[Items from a data source]

=====

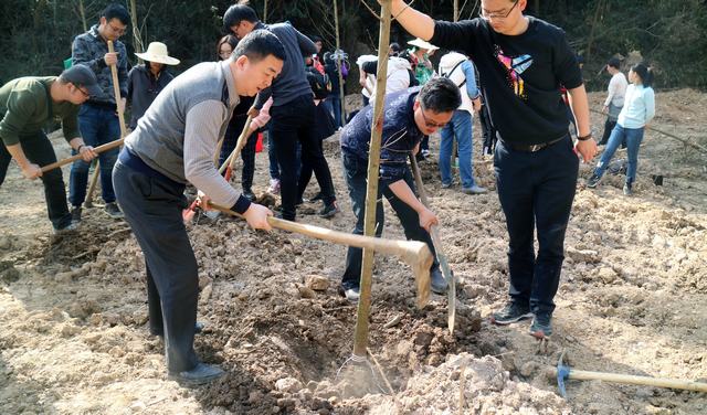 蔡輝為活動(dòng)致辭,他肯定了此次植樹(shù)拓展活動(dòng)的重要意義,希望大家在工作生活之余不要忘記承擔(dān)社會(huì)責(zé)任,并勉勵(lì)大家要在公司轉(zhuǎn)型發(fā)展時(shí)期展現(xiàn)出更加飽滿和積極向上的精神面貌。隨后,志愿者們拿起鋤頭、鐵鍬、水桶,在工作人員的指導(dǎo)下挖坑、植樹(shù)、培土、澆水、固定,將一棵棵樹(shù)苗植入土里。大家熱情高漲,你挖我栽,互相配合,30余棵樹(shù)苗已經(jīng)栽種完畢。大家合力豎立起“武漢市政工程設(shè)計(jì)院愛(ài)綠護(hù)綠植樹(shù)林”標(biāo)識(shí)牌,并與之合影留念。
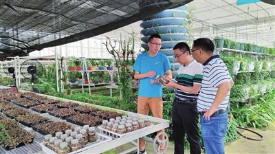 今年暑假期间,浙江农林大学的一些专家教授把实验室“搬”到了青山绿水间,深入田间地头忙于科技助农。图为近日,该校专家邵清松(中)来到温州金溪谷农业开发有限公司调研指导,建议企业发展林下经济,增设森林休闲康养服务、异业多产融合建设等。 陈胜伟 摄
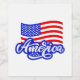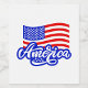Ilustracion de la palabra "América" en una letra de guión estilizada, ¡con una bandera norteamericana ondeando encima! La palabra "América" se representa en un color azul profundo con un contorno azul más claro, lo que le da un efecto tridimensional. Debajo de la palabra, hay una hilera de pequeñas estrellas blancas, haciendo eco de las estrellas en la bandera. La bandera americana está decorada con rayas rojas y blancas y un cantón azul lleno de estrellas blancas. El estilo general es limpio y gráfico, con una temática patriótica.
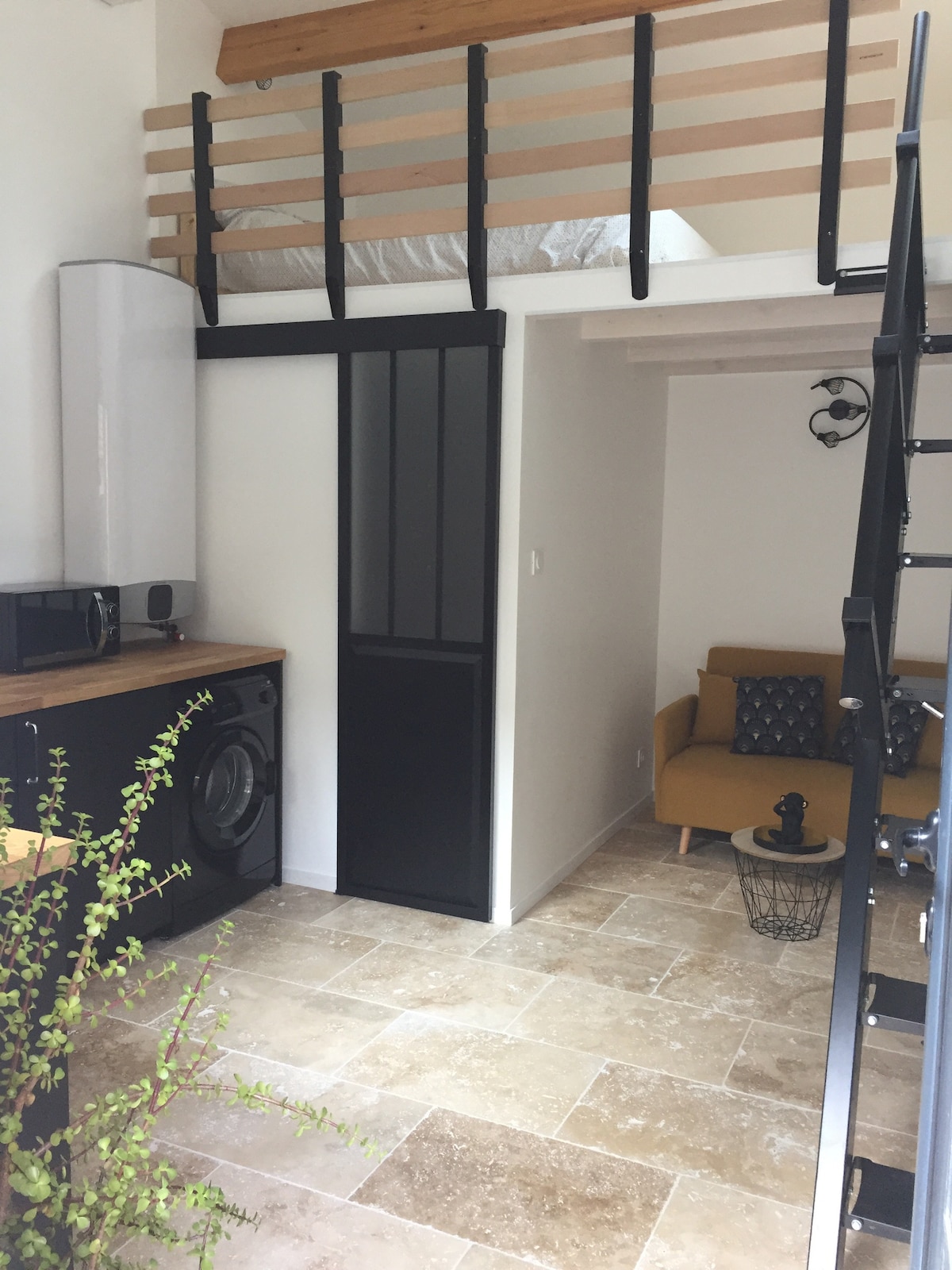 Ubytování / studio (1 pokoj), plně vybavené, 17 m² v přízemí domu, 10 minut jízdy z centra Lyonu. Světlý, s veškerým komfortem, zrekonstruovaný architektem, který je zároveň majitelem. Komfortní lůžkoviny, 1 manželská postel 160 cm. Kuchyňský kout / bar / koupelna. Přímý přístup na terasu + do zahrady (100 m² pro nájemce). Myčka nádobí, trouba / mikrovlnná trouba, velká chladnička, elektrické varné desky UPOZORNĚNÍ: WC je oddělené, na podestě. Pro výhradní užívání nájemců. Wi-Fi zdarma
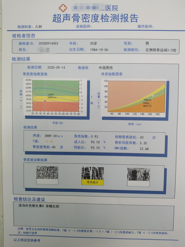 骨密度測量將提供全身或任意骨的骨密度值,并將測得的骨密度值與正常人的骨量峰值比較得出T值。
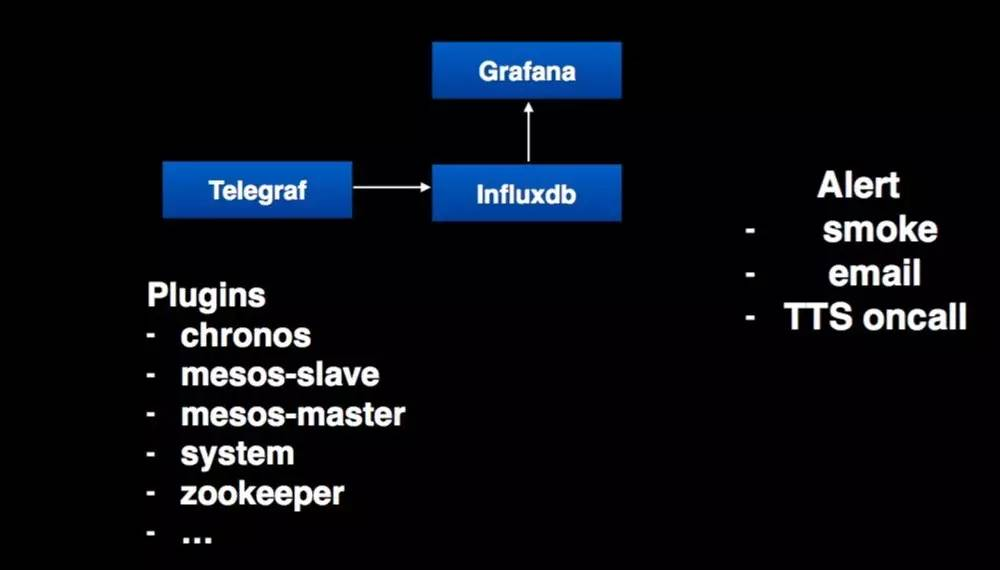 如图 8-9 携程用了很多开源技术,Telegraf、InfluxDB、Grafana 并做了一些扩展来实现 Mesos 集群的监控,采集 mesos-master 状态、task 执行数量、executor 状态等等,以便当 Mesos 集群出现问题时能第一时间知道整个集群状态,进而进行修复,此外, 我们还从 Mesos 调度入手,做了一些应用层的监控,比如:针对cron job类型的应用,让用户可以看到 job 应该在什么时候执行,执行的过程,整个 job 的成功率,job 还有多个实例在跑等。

=====

Please copy exactly the lines from the one containing "骨密度測量將提供全身或任意骨" through the last line of the records above, both included, and leave out any pictures.

Solved problem —
 骨密度測量將提供全身或任意骨的骨密度值,并將測得的骨密度值與正常人的骨量峰值比較得出T值。
 如图 8-9 携程用了很多开源技术,Telegraf、InfluxDB、Grafana 并做了一些扩展来实现 Mesos 集群的监控,采集 mesos-master 状态、task 执行数量、executor 状态等等,以便当 Mesos 集群出现问题时能第一时间知道整个集群状态,进而进行修复,此外, 我们还从 Mesos 调度入手,做了一些应用层的监控,比如:针对cron job类型的应用,让用户可以看到 job 应该在什么时候执行,执行的过程,整个 job 的成功率,job 还有多个实例在跑等。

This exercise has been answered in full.